Nuts About Granola is opening its own store in the city.

The York-based granola maker will have a grand opening on Black Friday, Nov. 23, at its new 46 W. Philadelphia St. address and continue the celebration the next day on Small Business Saturday, founder and CEO Sarah Lanphier said.

Sandwiched between Cherie Anne Designs and Yorktowne Business Institute, the space is currently vacant. It previously housed Shear Styles Salon.

Lanphier said she chose the city address for a few reasons.

"We started here and always want to keep a presence here," Lanphier said.

She started the company with her mother, Gayle Lanphier, in 2008, and it has grown steadily.

Using YorKitchen -- the city's shared commercial kitchen at 37 W. Clarke Ave. -- Nuts About Granola has expanded from making 1,500 to 2,000 pounds of granola a month to 1,000 pounds a day, Sarah Lanphier said.

The company's myriad flavors of granola have led to contracts, grocery store deals, an appearance on the Rachael Ray show and more.

One of Nuts About Granola's recent contracts to export its product to Colombia has facilitated the need for it to expand into Lancaster County, where the company has partnered with the Susquehanna Association for the Blind and Vision Impaired.

The granola maker will use the association's food manufacturing facility in the John C. Clemens Building at 171 Butter Road in Lancaster County to help fulfill its international order while providing jobs for 15 to 20 blind and vision-impaired workers. As the company expands, it needs more space, Lanphier said.
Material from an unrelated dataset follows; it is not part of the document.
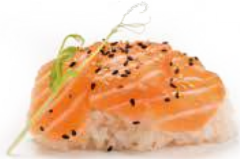
221 CHIRASHI SALMON* € 11,00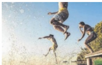
An heißen Sommertagen gilt: rein ins kühle Nass.

Seit dem Sommer 2009 ergänzt das Naturbad Woody's die Freizeitlandschaft in Neukirchen am Walde. Das Bad verfügt über eine Liegewiese sowie auch über Möglichkeiten zur Freizeitgestaltung abseits des kühlen Nass. Für kleine

Nuts About Granola has a stand in Central Market, rents a separate store facility and still makes some of its product at YorKitchen.

"Having the storefront puts us in a central location to everything," she said.

The company will maintain its stand in Central Market through the end of the year, and next year it will be there on a seasonal basis, the CEO said.

Nuts About Granola will continue to use YorKitchen, but it will use a space in its new store as storage, Lanphier said.

Like the Central Market stand it has maintained, the new store will sell similar items, such as its granola, fruit and yogurt parfaits and other local products, she said.

Following its inaugural weekend, the store will be open from 9 a.m. to 2 p.m. Saturdays through the end of the year.

"After (Jan. 1), we will have more hours," she said.